10.5 No Waivers. The failure of either Party hereto to insist upon strict performance of any of the terms or condition of this Agreement shall not be deemed to be a waiver of any rights or remedies of such Party in respect of any other provision hereof or in respect of any subsequent breach or default under such term or condition.
10.6 Effect of Agreement. This Agreement shall be binding upon, and inure to the benefit of, the Parties hereto and their successors and permitted assigns.
10.7 Entire Agreement. This Agreement (including without limitation subsequently effective Schedules) constitutes the entire Agreement between the Parties with respect to the subject matter hereof, and supersedes and replaces any and all prior agreements or arrangements between the Parties, whether oral or written.
10.8 Relationship of Parties. The Parties agree that, in performing any and all Services, the Customer is an independent contractor. NetClaim Solutions assumes no liability or responsibility for obligations of Customer in respect of its customers or any other Person. Nothing in this Agreement shall be construed to make NetClaim Solutions a partner, joint venturer or employee of the other Party. Nothing in this Agreement shall be construed to make Vendor responsible for complying with any disclosure, reporting or other requirement of the other Party’s business or operations.
10.9 Business Associate: Current Federal Guidelines, as stated by the United States Department of Health and Human Services, and outlined within the Health Insurance Portability and Accountability Act of 1996 (“HIPAA”) regulations, allow for the assignment and recognition of a “Business Associate” relationship, between two organizations, where as one of the organizations is able to perform certain functions and services for the other organization, as required by federal and state regulations, so as to facilitate compliance with said regulations. Considering the Business Associate relationship between the Parties a Business Associate Agreement shall be executed between the parties.

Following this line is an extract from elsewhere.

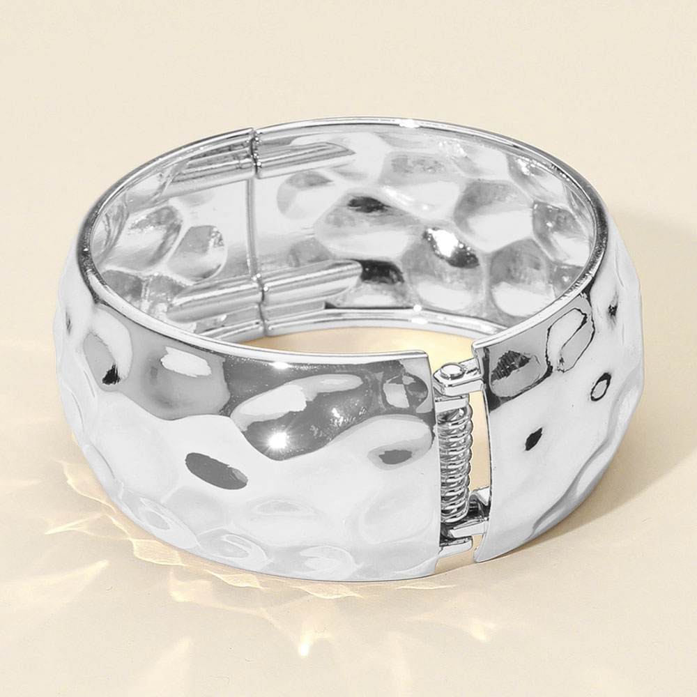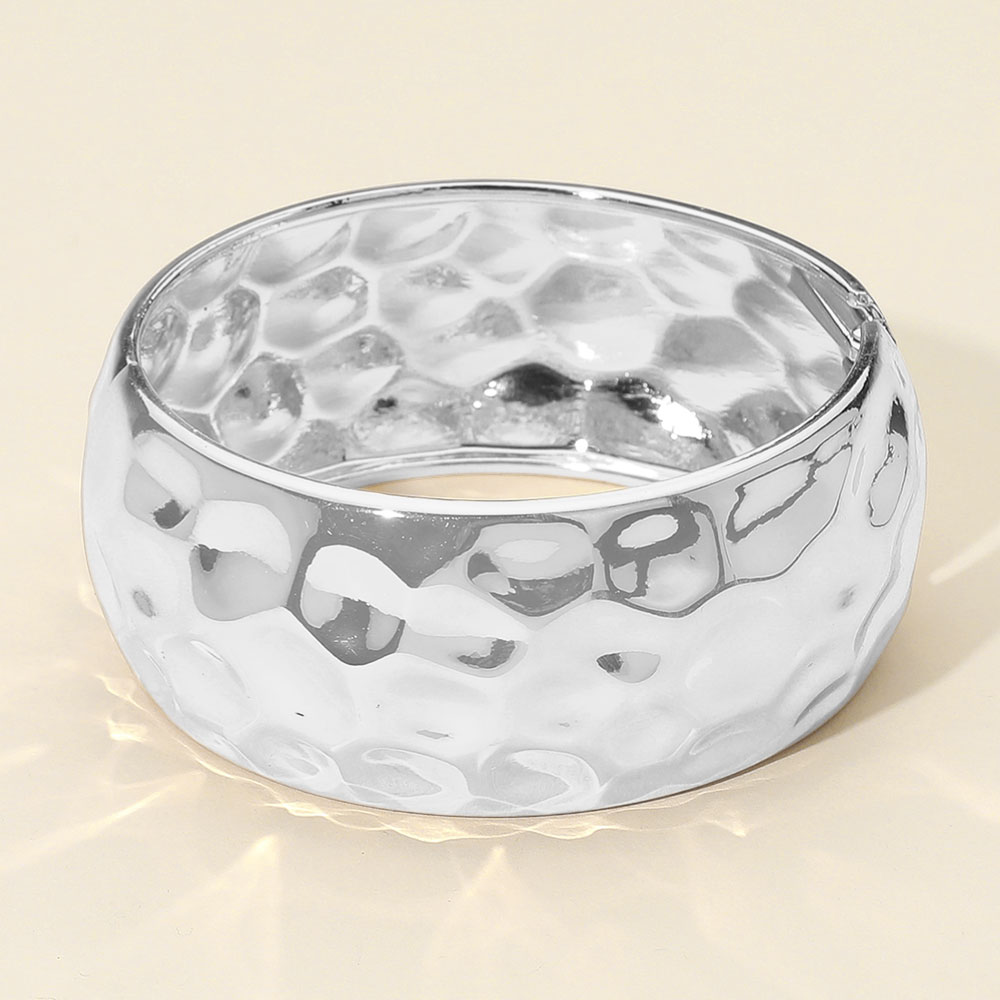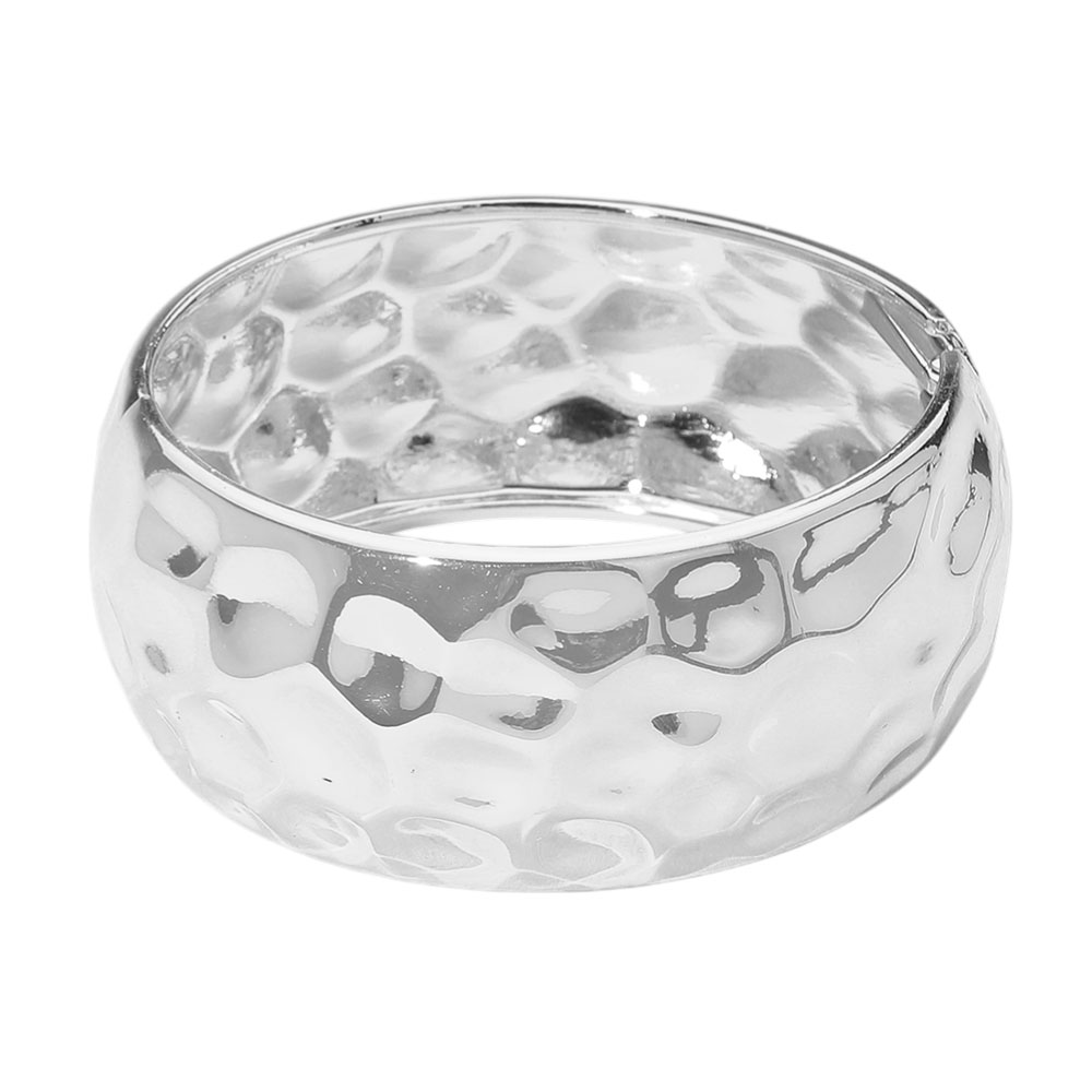 Details • Size : 1.2" H, 2.4" D • Hinged Closure • Make a statement with this bold hammered cuff bracelet, designed with a wide silhouette and gleaming finish. A versatile accessory that brings texture and elegance to both day and night outfits. • Lead and Nickel Compliant

10.10 Non-solicitation. During the term of the Agreement and for six (6) months after any termination or expiration of the Agreement, neither party shall, alone or in association with others, solicit any employee or contractor of the other party (or its subsidiaries) to terminate its employment or contracting relationship with the other party or its subsidiaries. Nothing herein shall preclude either party from hiring employees or contractors of the other party (or its subsidiaries) to the extent such employees or contractors respond, without any solicitation by or on behalf of the hiring party, to advertisements or job openings published or otherwise made generally available to the public by the hiring party.
10.11 Assignment; Subcontracting. NetClaim Solutions may assign this Agreement or any rights or obligations under the Agreement to a third party to which it sells all or substantially all of its assets. Customer may not assign the Agreement or any rights or obligations hereunder without the prior written consent of NetClaim Solutions, which consent shall not be unreasonably withheld or delayed; any such assignment without the prior consent of NetClaim Solutions shall be void. NetClaim Solutions may use subcontractors to perform Service (or portions thereof); provided, however, that such subcontracting shall not relieve NetClaim Solutions from responsibility for performance of its duties hereunder.
THE CUSTOMER ACKNOWLEDGES AND AGREES THAT CUSTOMER HAS CAREFULLY READ THIS LICENSE AGREEMENT IN ITS ENTIRETY, HAS HAD THE OPPORTUNITY TO CONSULT WITH ATTORNEYS AND OTHER ADVISORS CONCERNING THIS AGREEMENT, AND INTENDS TO BE LEGALLY BOUND THE TERMS AND CONDITIONS SET FORTH BELOW.